I noticed that treating relational comparison operators strictly as context-free binary operators matches the way they are in many programming languages but does not match the way they're used in mathematics (and some other programming languages).

When I write
A < B < C < D

assuming we have a context-free parser and left-associative relative operations, this is
(((A < B) < C) < D)
and we wind up comparing the result of a comparison. But this is not what a mathematician means when they write that expression. Standard infix math notation wants it interpreted as
(A < B) && (B < C) && (C < D).

Engineering considerations say we want that with single subexpression evaluation and short-circuit semantics.

If generating code for a C program, the relop doesn't check whether the left subtree is another relop; all it knows is that the left subtree returned #false (or #true), so it compares its right subtree to that value. And treats booleans as a subrange of numbers [0..1], so the comparisons have humorous results that require "inside" knowledge about the binary representation of booleans to comprehend. We get single subexpression evaluation but no short-circuit semantics.

In languages like Java, comparing booleans and numbers is a static type error, because static type errors are probably more useful than humorous results that require inside knowledge about binary representation of booleans to correctly interpret.
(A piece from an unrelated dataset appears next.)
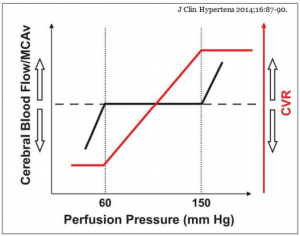 El cerebro es un órgano con funciones complejas. Debido a su joven filogenia, en especial algunas estructuras (lóbulos frontales), los ajustes en la perfusión son al mismo tiempo sofisticados y vulnerables. El flujo cerebral tiene un mecanismo de autorregulación que le permite mantener una perfusión constante acorde con las demandas metabólicas en un amplio rango de PA (desde PAM 60 a 150 mm Hg) que incluso no es homogéneo en todo el cerebro. El envejecimiento arterial conlleva la pérdida de fibras elásticas, el reemplazo por fibras colágenas y como consecuencia mayor rigidez y menor distensibilidad de las arterias (incremento VOP y PP). Sumado al envejecimiento, la injuria vascular cerebral (IVC) (infartos lacunares, lesiones de sustancia blanca y microhemorragias) coadyuvan a que el flujo se vuelva dependiente de la presión arterial de manera que, la meseta de la curva se transforma en una relación lineal. Por lo tanto, cuando nos referimos al órgano cerebro cambia el foco de atención, debido a que la PAS excede el riesgo de la PAD. Las caídas en la PAD no afectan el flujo cerebral, siendo el valor de 60 mm Hg (demostrado por ultrasonografía Doppler y espectroscopía) la explicación por que no conocemos el punto J de la PA en el cerebro. Así, lo que varía no son las curvas en cada órgano, sino los “rangos J”. Motivo por el cual, la discusión debería centrarse en;si alcanzar el punto J para proteger un órgano es compatible con la práctica clínica para con el resto de los sistemas. En otras palabras, el rango de valores de una curva J podría beneficiar un órgano (cerebro) en tanto perjudicar otro (corazón). En este caso “lo que es bueno para el cerebro, no parece ser tan bueno para el corazón”. En la actualidad, la evidencia médica nos dice que, la PA por encima de 110-75 mm Hg incrementa el número de AVEs (Lancet 2002;360:1903-13).

No subexpression evaluation, no short circuit semantics.

If it's a logic-descended language, the comparison may return NIL or a non-NIL value, and the non-NIL value it returns is the value of the last subexpression evaluated, meaning the value of the right subtree. This treats numbers as a subrange of boolean values (all of them are #true). And any relop whose left subtree is NIL returns NIL without evaluating its right subtree. An analogue of the mathematician's interpretation of chained relational operations falls out "naturally" and if you never do numeric operations on a value you got in a context that encouraged you to think of it as a boolean, you will never notice the difference. You also get single subexpression evaluation, you get short circuit semantics - all seems good!

But it breaks static type checking. This means NIL is its own type, and relational operators have to check for it at runtime, and it can get returned to continuations that expect numbers. So now everything that uses booleans or numbers has to do runtime type checking. From a static type checking POV treating numbers as a subrange of booleans is even more expensive than treating booleans as a subrange of numbers.
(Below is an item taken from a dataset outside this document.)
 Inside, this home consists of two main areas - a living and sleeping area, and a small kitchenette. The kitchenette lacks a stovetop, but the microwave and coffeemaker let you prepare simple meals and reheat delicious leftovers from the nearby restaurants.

When I'm traversing the abstract syntax tree after parsing, I can have different code templates to emit code for relational operations. I pick one depending on whether a subtree or the parent node is or is not another relop. So I get static type checking, I get the mathematician's interpretation of chained relational operators, I get the efficiency of caching a single evaluation instead of expanding a macro and evaluating something a second time.... all is good.

But now I broke referential transparency. Identical subexpressions encountered in different contexts mean different things. All the type checking can be done statically, but the relational ops other than the root of the chain are making a choice between jumping to their own continuation site in their parent relational op (to return a number) or to the boolean continuation at the call site of the whole chain (to return #false). Only the root of the chain is special; it has no numeric continuation, and can jump instead to the exit continuation to return #true. This is statically typed return polymorphism.

I was considering whether to be upset about breaking referential transparency, but then I realized people are using languages with exceptions all the time without complaining about it, so referential transparency can take a walk, I guess, if it gets us static type checking.